#### WHAT TO WORK ON:
Which lines below contain "like"? Pull them out.
-- EXTRACTED MATERIAL follows --
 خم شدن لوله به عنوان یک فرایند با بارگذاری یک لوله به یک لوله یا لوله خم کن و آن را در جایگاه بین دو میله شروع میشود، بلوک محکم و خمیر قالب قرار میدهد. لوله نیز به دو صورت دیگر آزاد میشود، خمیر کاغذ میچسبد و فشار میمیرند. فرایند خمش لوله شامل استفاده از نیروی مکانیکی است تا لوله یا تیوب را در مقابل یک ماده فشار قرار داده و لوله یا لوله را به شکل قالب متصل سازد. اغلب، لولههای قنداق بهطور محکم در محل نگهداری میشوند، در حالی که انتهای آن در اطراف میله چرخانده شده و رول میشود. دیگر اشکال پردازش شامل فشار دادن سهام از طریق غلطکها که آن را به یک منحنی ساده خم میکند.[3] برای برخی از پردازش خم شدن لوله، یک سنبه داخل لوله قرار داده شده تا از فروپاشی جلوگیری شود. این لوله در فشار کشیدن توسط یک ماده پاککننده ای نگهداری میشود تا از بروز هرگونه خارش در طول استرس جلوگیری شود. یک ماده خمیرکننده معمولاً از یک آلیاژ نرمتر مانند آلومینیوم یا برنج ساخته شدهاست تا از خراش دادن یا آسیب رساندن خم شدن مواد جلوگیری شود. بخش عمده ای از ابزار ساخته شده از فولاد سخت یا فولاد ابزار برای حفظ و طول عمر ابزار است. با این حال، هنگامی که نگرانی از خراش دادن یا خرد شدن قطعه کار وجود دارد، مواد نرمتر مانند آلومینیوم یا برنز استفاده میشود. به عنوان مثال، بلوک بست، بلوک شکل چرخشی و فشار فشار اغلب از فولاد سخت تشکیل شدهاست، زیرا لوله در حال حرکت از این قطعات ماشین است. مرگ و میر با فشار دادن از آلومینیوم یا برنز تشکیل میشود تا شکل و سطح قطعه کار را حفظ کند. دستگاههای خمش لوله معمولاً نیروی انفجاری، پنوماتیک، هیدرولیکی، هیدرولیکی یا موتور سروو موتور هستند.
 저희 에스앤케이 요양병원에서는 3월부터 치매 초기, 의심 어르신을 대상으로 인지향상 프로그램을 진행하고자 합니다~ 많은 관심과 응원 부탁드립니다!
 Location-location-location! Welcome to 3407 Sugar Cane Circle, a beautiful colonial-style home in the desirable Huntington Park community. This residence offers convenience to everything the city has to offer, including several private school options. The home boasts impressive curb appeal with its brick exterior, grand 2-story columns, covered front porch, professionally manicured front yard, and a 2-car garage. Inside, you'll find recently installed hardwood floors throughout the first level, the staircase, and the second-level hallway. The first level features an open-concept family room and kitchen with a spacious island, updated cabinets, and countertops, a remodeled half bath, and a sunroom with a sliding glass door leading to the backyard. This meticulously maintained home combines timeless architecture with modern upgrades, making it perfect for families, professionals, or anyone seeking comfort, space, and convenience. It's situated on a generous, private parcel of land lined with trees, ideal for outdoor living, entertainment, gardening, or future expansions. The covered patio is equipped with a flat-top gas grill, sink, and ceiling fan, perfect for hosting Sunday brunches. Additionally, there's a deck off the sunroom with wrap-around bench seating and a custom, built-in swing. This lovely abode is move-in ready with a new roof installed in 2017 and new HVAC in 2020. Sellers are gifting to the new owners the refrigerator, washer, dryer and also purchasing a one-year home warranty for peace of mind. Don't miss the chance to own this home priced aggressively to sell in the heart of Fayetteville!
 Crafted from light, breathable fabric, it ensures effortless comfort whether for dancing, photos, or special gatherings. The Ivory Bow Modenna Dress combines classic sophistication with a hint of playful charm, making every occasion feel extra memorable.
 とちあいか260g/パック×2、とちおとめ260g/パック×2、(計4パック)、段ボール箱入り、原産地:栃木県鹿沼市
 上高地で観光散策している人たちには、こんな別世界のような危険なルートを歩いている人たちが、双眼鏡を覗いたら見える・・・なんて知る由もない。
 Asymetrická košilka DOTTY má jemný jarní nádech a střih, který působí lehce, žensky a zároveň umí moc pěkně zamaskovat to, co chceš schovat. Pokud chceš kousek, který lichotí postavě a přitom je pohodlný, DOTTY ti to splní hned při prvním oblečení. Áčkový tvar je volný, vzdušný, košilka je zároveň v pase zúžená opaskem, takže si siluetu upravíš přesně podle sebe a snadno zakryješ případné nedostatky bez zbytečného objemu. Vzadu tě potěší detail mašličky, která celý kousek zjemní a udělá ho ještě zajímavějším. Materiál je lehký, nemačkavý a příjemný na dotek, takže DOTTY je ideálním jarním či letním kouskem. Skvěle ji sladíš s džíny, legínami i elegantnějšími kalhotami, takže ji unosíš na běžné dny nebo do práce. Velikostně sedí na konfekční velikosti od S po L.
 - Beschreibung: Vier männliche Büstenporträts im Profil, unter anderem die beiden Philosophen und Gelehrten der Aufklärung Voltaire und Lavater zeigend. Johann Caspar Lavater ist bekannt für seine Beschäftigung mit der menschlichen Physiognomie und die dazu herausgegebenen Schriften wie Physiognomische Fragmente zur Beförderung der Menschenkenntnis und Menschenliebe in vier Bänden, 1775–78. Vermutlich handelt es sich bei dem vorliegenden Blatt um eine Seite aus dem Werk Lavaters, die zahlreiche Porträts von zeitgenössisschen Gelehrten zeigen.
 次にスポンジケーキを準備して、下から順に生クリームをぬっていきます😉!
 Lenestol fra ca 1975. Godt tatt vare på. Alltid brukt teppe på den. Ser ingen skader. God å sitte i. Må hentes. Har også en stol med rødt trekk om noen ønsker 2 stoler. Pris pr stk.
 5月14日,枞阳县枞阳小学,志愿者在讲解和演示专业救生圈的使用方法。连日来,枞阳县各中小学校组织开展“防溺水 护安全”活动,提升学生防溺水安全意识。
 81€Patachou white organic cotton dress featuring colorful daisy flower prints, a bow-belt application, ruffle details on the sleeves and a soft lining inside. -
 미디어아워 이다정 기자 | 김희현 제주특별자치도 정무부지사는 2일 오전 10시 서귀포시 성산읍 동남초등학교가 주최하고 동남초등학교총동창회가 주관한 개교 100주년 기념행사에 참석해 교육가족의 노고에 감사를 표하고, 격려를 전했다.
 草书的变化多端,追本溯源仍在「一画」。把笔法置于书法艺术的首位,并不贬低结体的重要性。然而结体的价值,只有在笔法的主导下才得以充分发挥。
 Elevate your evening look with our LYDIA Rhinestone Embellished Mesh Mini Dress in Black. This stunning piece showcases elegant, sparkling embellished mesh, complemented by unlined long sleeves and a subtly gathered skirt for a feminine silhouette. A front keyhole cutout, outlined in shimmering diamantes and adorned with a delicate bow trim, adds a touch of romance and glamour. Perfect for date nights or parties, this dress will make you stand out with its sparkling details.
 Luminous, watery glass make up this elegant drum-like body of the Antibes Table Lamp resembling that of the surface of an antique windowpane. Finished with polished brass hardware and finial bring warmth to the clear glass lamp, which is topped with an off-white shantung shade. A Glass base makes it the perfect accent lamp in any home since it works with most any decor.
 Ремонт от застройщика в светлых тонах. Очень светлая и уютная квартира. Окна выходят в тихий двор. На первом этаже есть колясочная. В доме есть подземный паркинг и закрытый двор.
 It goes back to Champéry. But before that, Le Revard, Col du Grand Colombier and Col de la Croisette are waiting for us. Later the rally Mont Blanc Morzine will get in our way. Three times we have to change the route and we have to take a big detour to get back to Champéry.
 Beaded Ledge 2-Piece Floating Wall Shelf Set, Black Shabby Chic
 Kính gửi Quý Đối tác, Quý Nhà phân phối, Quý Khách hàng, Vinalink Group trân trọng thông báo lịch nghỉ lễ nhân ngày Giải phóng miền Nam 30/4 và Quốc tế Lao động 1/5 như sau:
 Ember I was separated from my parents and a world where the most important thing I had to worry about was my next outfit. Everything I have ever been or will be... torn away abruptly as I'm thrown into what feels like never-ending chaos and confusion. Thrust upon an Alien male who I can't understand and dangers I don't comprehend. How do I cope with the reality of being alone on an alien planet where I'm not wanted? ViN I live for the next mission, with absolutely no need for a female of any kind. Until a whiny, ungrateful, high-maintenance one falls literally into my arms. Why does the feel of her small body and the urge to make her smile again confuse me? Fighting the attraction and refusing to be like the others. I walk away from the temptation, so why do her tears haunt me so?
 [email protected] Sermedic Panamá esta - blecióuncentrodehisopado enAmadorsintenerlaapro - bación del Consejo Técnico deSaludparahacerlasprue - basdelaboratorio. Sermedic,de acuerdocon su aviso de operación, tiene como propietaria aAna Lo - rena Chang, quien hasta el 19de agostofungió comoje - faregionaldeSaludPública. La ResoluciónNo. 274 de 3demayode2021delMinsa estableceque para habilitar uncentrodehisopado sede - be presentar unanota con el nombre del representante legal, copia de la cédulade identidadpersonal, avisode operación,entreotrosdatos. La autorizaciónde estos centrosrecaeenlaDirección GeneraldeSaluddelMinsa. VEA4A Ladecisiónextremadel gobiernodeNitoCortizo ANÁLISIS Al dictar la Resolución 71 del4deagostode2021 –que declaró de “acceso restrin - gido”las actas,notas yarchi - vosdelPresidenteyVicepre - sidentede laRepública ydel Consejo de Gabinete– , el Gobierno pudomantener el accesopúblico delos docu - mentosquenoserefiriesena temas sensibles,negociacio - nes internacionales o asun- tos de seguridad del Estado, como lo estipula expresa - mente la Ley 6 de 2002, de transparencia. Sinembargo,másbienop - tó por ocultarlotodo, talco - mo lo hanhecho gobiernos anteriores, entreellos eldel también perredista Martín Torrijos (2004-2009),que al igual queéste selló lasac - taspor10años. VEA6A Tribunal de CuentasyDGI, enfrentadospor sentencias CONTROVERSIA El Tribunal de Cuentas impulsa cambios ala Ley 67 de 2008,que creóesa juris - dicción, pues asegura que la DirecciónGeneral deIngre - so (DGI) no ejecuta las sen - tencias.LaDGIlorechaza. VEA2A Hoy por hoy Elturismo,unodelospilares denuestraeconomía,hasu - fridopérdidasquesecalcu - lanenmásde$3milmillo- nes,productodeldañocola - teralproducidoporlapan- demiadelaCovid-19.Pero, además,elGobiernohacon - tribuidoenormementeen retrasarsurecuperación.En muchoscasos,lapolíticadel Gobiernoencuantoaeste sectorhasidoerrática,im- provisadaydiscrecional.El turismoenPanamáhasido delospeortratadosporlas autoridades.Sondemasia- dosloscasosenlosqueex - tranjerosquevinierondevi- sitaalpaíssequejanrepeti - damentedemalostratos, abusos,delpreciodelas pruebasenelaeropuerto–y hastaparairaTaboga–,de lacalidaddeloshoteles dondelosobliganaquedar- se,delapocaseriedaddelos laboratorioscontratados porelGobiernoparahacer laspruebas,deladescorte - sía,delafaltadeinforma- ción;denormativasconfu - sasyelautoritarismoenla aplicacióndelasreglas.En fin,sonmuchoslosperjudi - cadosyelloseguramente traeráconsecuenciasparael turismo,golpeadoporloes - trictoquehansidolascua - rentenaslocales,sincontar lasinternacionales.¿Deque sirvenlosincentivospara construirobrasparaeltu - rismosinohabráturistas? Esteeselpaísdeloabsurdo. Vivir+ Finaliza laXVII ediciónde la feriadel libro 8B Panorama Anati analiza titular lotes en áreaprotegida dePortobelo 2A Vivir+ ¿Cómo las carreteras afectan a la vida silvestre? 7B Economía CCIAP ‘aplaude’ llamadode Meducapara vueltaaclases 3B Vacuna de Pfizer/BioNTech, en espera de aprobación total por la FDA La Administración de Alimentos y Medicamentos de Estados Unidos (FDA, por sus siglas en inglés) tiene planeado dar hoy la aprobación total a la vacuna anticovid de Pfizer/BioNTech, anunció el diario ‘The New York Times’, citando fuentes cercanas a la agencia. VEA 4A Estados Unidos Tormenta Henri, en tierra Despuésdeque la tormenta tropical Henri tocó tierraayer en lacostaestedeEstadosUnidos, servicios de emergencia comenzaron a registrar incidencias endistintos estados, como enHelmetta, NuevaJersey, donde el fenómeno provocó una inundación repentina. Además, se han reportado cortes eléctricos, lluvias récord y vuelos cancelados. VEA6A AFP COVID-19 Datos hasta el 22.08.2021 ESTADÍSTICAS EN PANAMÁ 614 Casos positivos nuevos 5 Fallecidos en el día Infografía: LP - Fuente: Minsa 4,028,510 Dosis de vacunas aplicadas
-- EXTRACTED MATERIAL concluded --
#### EXERCISE SOLUTION:
 Luminous, watery glass make up this elegant drum-like body of the Antibes Table Lamp resembling that of the surface of an antique windowpane. Finished with polished brass hardware and finial bring warmth to the clear glass lamp, which is topped with an off-white shantung shade. A Glass base makes it the perfect accent lamp in any home since it works with most any decor.
 Ember I was separated from my parents and a world where the most important thing I had to worry about was my next outfit. Everything I have ever been or will be... torn away abruptly as I'm thrown into what feels like never-ending chaos and confusion. Thrust upon an Alien male who I can't understand and dangers I don't comprehend. How do I cope with the reality of being alone on an alien planet where I'm not wanted? ViN I live for the next mission, with absolutely no need for a female of any kind. Until a whiny, ungrateful, high-maintenance one falls literally into my arms. Why does the feel of her small body and the urge to make her smile again confuse me? Fighting the attraction and refusing to be like the others. I walk away from the temptation, so why do her tears haunt me so?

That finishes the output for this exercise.